Molecules. 2023 May 24;28(11):4299. doi: 10.3390/molecules28114299.

Authors

Yoreny Román-Vargas¹, Julián David Porras-Arguello², Lucas Blandón-Naranjo³, León Darío Pérez-Pérez², Dora María Benjumea¹

Affiliations

¹ Grupo de Toxinología y Alternativas Farmacéuticas y Alimentarias, Departamento de Farmacia, Facultad de Ciencias Farmacéuticas y Alimentarias, Universidad de Antioquia, Medellín 1226, Colombia.
² Grupo de Investigación Macromoléculas, Departamento de Química, Facultad de Ciencias, Universidad Nacional de Colombia, Av. Carrera 30 # 45-03, Edif. 476, Bogotá 11001, Colombia.
³ Grupo Interdisciplinario de Estudios Moleculares-GIEM, Instituto de Química, Facultad de Ciencias Exactas y Naturales, Universidad de Antioquia, Medellín 1226, Colombia.

Abstract

Currently, cannabis is considered an attractive option for the treatment of various diseases, including pain management. Thus, developing new analgesics is paramount for improving the health of people suffering from chronic pain. Safer natural derivatives such as cannabidiol (CBD) have shown excellent potential for the treatment of these diseases. This study aimed to evaluate the analgesic effect of a CBD-rich cannabis extract (CE) encapsulated in polymeric micelles (CBD/PMs) using different pain models. The PEG-PCL polymers were characterized by gel permeation chromatography and ¹H-NMR spectroscopy. PMs were prepared by solvent evaporation and characterized by dynamic light scattering (DLS) and transmission electron microscopy. The analgesic activity of CBD/PMs and nonencapsulated CE rich in CBD (CE/CBD) was evaluated using mouse thermal, chemical, and mechanical pain models. The acute toxicity of the encapsulated CE was determined by oral administration in mice at a dose of 20 mg/kg for 14 days. The release of CBD from the nanoparticles was assessed in vitro using a dialysis experiment.
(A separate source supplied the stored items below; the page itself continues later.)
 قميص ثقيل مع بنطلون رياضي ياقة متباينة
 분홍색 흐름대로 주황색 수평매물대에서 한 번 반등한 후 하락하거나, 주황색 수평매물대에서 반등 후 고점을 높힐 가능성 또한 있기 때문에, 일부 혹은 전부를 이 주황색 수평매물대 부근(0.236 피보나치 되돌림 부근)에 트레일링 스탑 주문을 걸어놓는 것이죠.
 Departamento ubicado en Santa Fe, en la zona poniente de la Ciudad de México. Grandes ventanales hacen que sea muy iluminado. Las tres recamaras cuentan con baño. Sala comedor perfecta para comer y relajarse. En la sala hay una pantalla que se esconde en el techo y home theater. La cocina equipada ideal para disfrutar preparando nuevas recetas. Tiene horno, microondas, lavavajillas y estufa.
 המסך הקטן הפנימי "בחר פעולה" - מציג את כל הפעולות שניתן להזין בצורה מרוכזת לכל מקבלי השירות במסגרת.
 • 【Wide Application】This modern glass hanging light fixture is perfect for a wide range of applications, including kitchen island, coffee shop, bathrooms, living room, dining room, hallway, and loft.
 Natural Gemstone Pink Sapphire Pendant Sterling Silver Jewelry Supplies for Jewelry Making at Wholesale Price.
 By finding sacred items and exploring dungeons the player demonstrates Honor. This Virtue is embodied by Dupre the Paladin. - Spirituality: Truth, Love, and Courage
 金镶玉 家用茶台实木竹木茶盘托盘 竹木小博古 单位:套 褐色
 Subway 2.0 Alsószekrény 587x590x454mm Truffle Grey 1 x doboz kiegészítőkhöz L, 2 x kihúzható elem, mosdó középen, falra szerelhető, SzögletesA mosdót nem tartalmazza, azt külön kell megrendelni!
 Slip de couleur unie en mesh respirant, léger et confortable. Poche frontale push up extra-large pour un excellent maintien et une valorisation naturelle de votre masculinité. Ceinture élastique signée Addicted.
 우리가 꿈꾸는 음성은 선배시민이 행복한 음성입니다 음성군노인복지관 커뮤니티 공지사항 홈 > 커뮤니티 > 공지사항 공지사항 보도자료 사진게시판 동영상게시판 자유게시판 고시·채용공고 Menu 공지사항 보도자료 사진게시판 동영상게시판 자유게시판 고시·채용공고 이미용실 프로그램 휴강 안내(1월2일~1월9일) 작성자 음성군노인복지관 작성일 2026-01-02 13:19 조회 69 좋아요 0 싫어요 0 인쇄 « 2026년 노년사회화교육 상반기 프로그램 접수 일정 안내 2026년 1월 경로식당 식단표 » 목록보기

CBD/PMs with an average hydrodynamic diameter of 63.8 nm obtained from a biocompatible polyethylene glycol-block-polycaprolactone copolymer were used as nanocarriers for the extract formulations with 9.2% CBD content, which corresponded with a high encapsulation efficiency of 99.9%. The results of the pharmacological assays indicated that orally administered CBD/PMs were safe and exerted a better analgesic effect than CE/CBD. The micelle formulation had a significant analgesic effect in a chemical pain model, reaching a percentage of analgesia of 42%. CE was successfully encapsulated in a nanocarrier, providing better stability. Moreover, it proved to be more efficient as a carrier for CBD release. The analgesic activity of CBD/PMs was higher than that of free CE, implying that encapsulation is an efficient strategy for improving stability and functionality. In conclusion, CBD/PMs could be promising therapeutics for pain management in the future.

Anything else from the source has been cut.